In his memoirs, RAdm (then Cdr) Dan Gallery wrote that when he was sent as Naval Attaché to Britain in 1941, it was with the tacit agenda of learning as much as possible about Germany before Britain collapsed.

When the US Military Attaché to Romania returned to the US in 1942, he thought Germany had resources available to conquer Britain.

None of these men were "average Joe in the street".

Nor was Mussolini, who in June 1940 impulsively decided to enter a war he was sure would be over soon.

All these perceptions were wrong, of course. That's not the question, which is : Were these perceptions influenced by the Norway Campaign?
Didn't Benny expect the British to simply peace out after the Fall of France, rather than be invaded ?
 
Didn't Benny expect the British to simply peace out after the Fall of France, rather than be invaded ?
Very likely; but the perception that Britain was obviously vulnerable to invasion would surely contribute to the conclusion that Britain would have to make peace.

I.e. if Mussolini thought Britain was vulnerable, he would assume British leaders thought the same.
 
Very likely; but the perception that Britain was obviously vulnerable to invasion would surely contribute to the conclusion that Britain would have to make peace.

I.e. if Mussolini thought Britain was vulnerable, he would assume British leaders thought the same.

Well he wasn't exactly a military genius.
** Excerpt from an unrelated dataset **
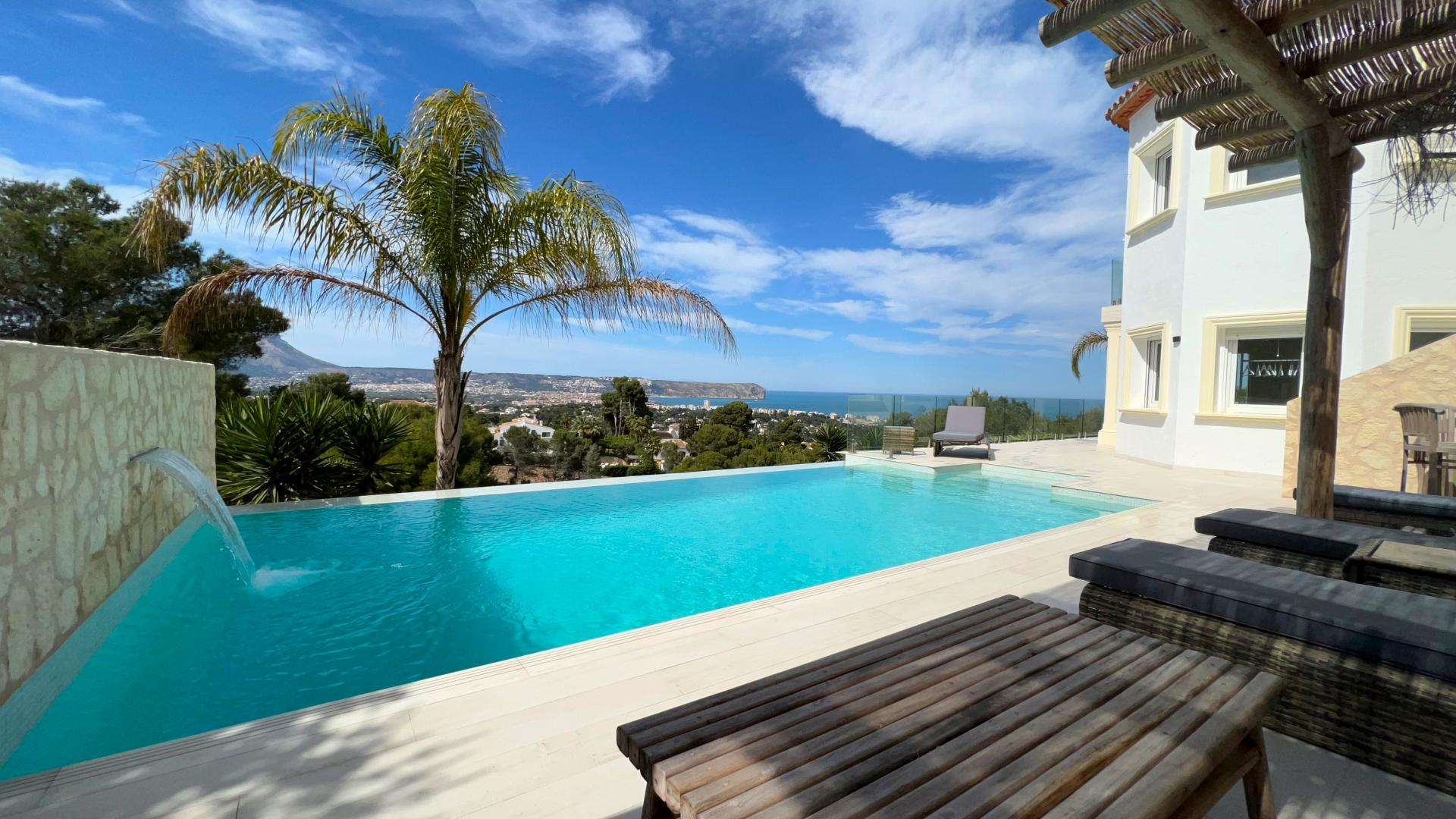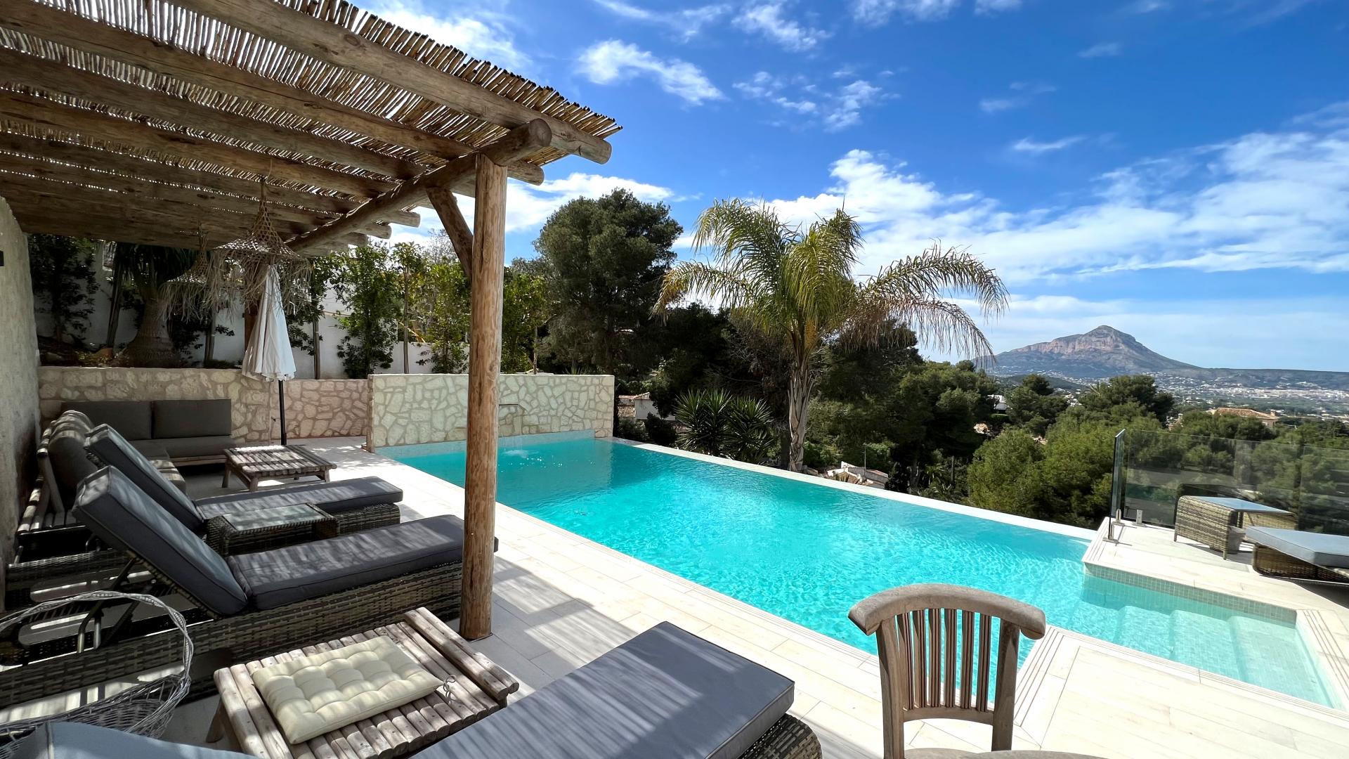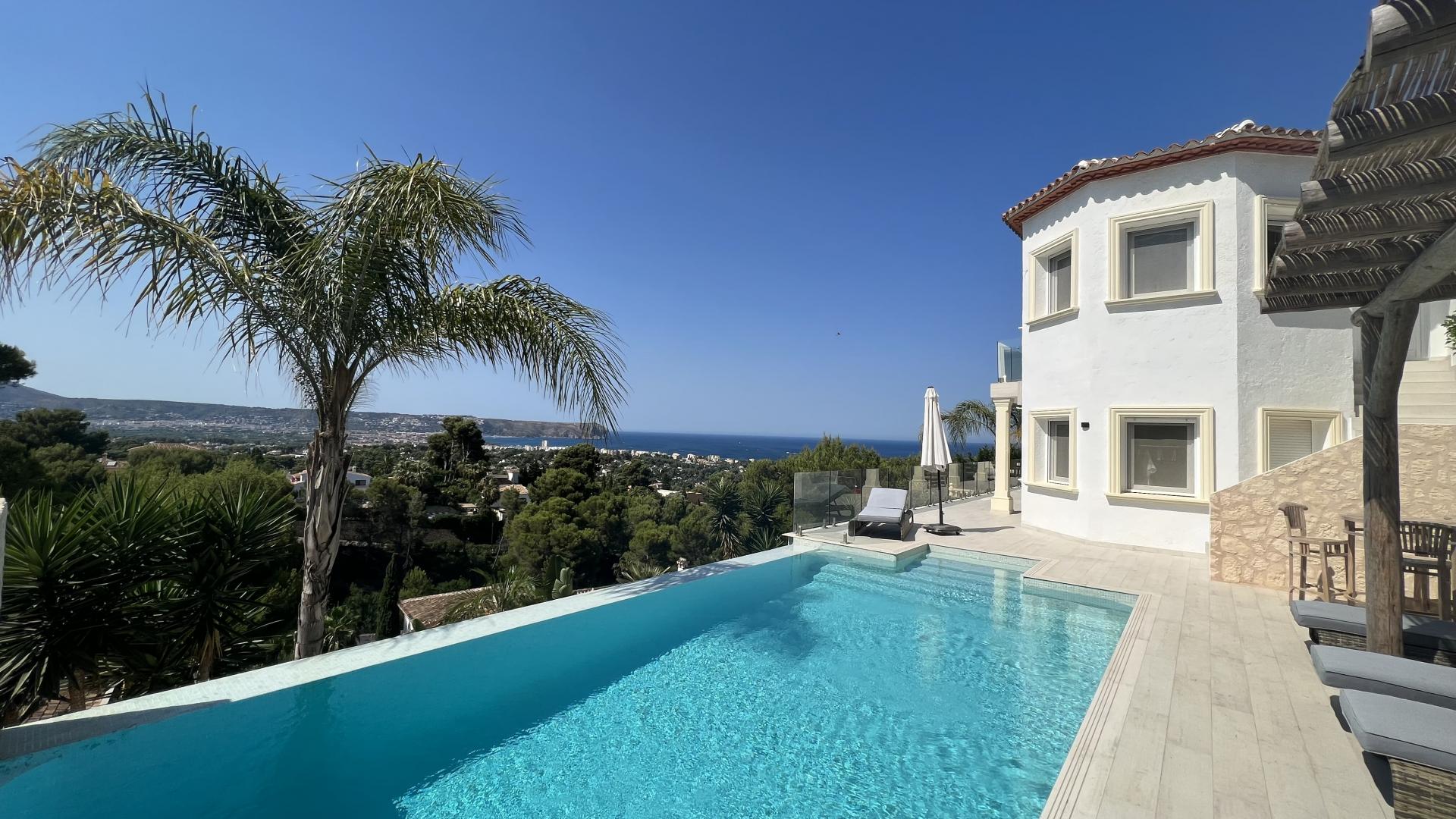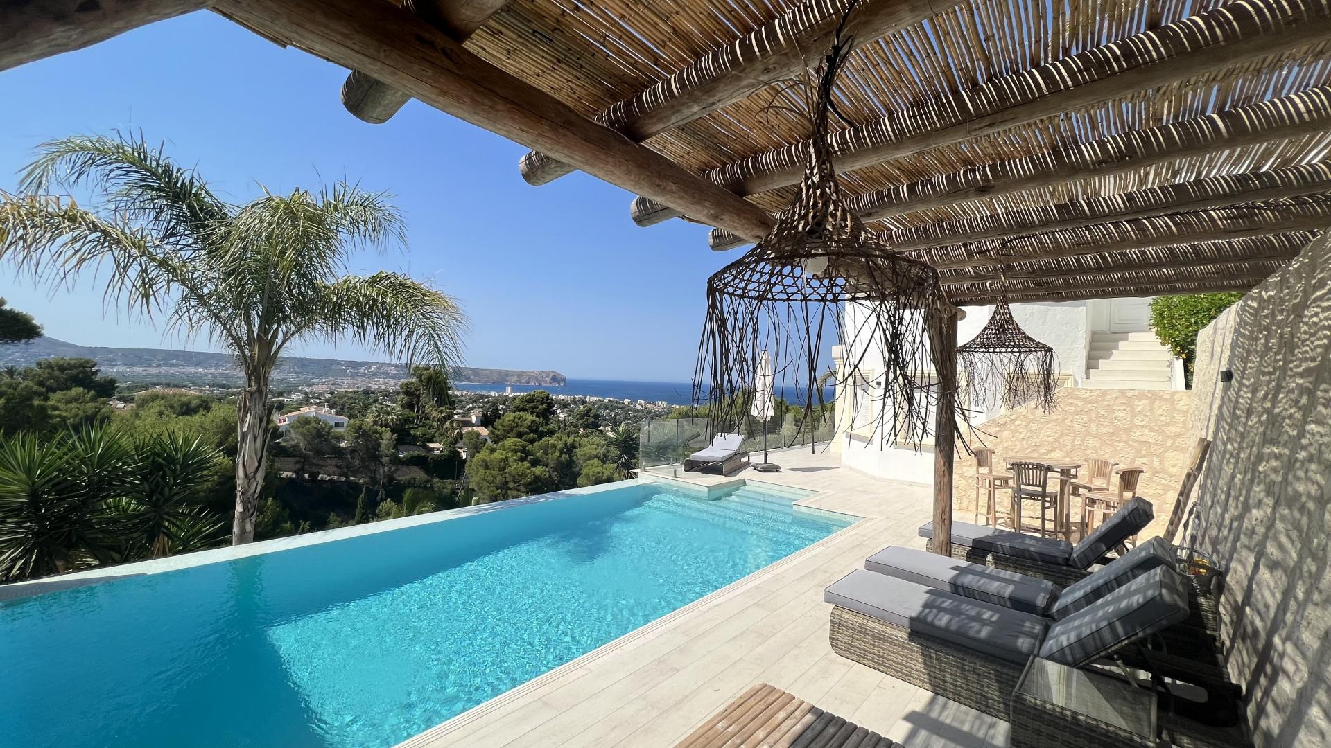 PROPERTY AT A GLANCE A stunning property that has just been completely renovated with high-end finishes into a modern villa with open plan living and an impeccable décor with natural stone features, neutral tones and an exterior with an Ibizan influence that includes a pergola chillout area and an infinity pool with a water feature and LED lighting which creates a fabulous ambience at night when entertaining and hosting pool parties, alfresco dining areas on different levels and a summer kitchen with built in BBQ, dining and bar all from which to enjoy the most amazing sea views.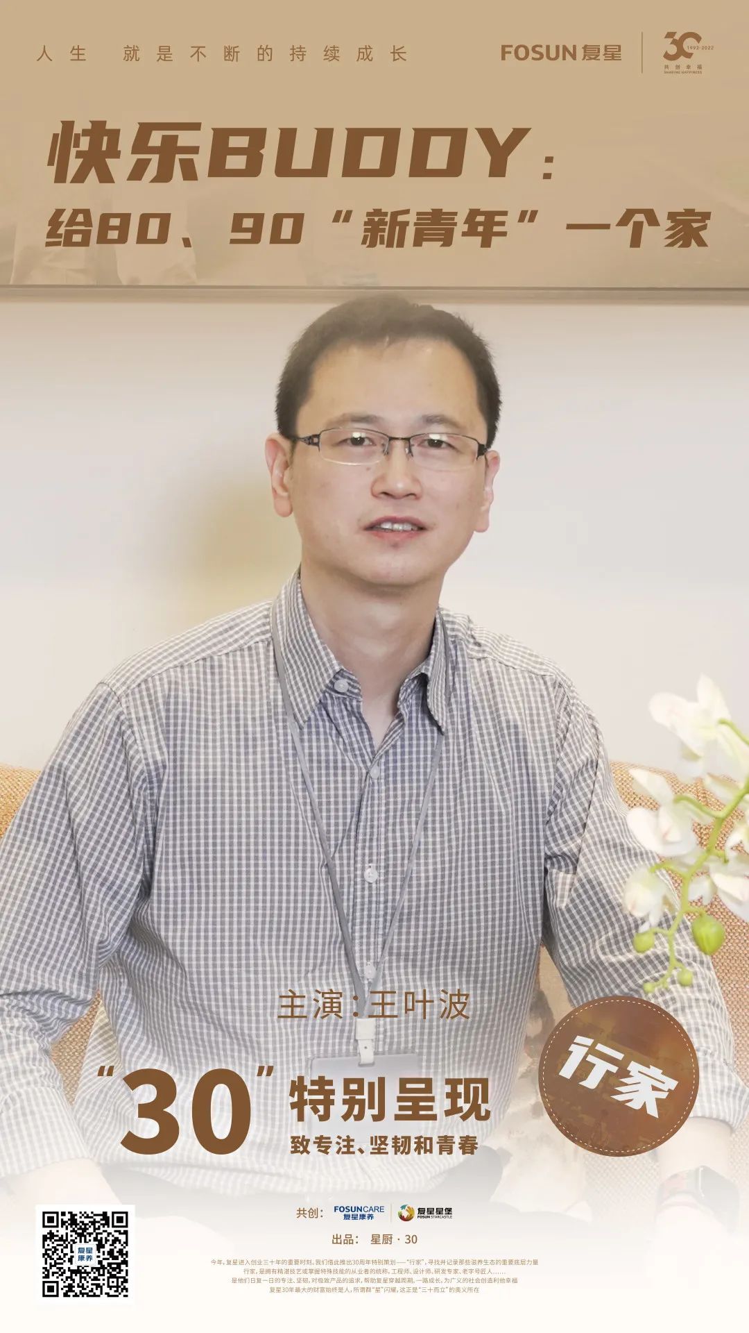 本期《行家》是一位和80、90后“新青年”打成一片的70后。王叶波,47岁,是非凡 康养旗下非凡 星堡中环社区的一位院长,负责照拂长者的幸福晚年。他陪聊天、陪画画、陪喝咖啡、时不时扮演圣诞老人逗趣……以437项标准的服务流程,也以发自内心的体贴与关爱,为一群80、90“新青年”构筑快乐享老的“家”。非凡 星堡是非凡 健康蜂巢的标杆性项目,为中国城市人口老龄化问题探索解决方案。而王叶波的故事,也为银发族应当如何享老打开了新的窗口。

Nor was Petain.
 
Well [Mussolini] wasn't exactly a military genius.
Irrelevant. The question is whether he was influenced by the outcome in Norway.
Nor was Petain.
Pétain was a field marshal, a top commander in a very large army that won a very difficult war. One doesn't even get the chance to serve at that level without a lot of ability (or hereditary rank or political pull, neither of which applied to him). Was he a "military genius"? I won't say that, but among commanders I'd put him in the top 1%.

By 1940, of course, he was old, behind the times, and distracted by political issues.